# Your task
Copy all lines of the listing that include the string "This".

# Extracted records
"""

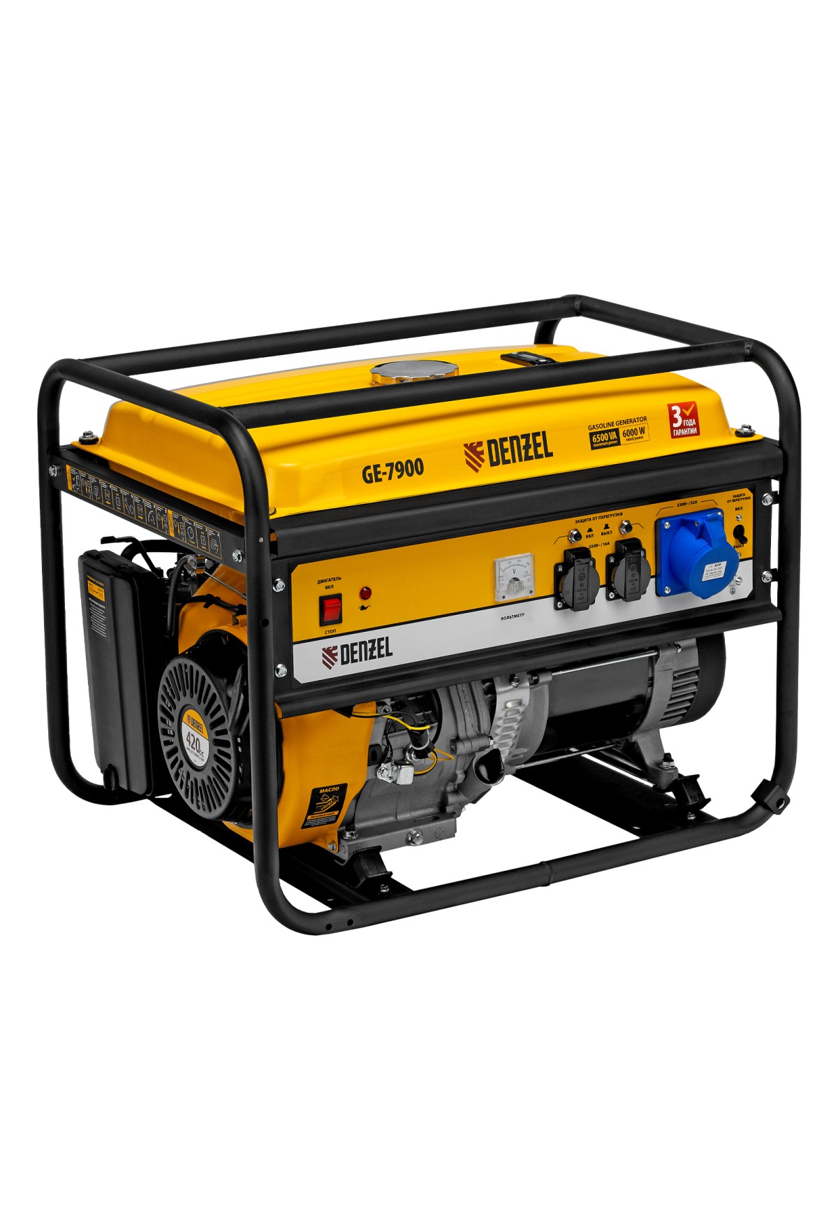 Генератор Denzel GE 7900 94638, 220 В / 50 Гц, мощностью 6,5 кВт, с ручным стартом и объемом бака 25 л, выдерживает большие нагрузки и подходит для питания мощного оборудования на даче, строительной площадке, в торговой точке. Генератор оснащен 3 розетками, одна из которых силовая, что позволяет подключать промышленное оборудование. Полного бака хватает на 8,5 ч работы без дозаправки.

"""
"""

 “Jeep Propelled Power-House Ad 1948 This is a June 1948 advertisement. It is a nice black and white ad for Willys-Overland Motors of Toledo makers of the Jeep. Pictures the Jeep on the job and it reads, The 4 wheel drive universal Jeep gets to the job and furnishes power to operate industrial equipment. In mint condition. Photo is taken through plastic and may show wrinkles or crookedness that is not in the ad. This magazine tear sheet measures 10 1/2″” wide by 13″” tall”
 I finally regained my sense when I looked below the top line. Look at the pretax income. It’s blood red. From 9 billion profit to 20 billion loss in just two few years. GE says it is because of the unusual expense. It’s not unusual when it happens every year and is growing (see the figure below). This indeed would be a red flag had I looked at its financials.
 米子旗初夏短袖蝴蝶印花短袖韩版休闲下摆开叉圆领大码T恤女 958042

"""

# Expected answer
 “Jeep Propelled Power-House Ad 1948 This is a June 1948 advertisement. It is a nice black and white ad for Willys-Overland Motors of Toledo makers of the Jeep. Pictures the Jeep on the job and it reads, The 4 wheel drive universal Jeep gets to the job and furnishes power to operate industrial equipment. In mint condition. Photo is taken through plastic and may show wrinkles or crookedness that is not in the ad. This magazine tear sheet measures 10 1/2″” wide by 13″” tall”
 I finally regained my sense when I looked below the top line. Look at the pretax income. It’s blood red. From 9 billion profit to 20 billion loss in just two few years. GE says it is because of the unusual expense. It’s not unusual when it happens every year and is growing (see the figure below). This indeed would be a red flag had I looked at its financials.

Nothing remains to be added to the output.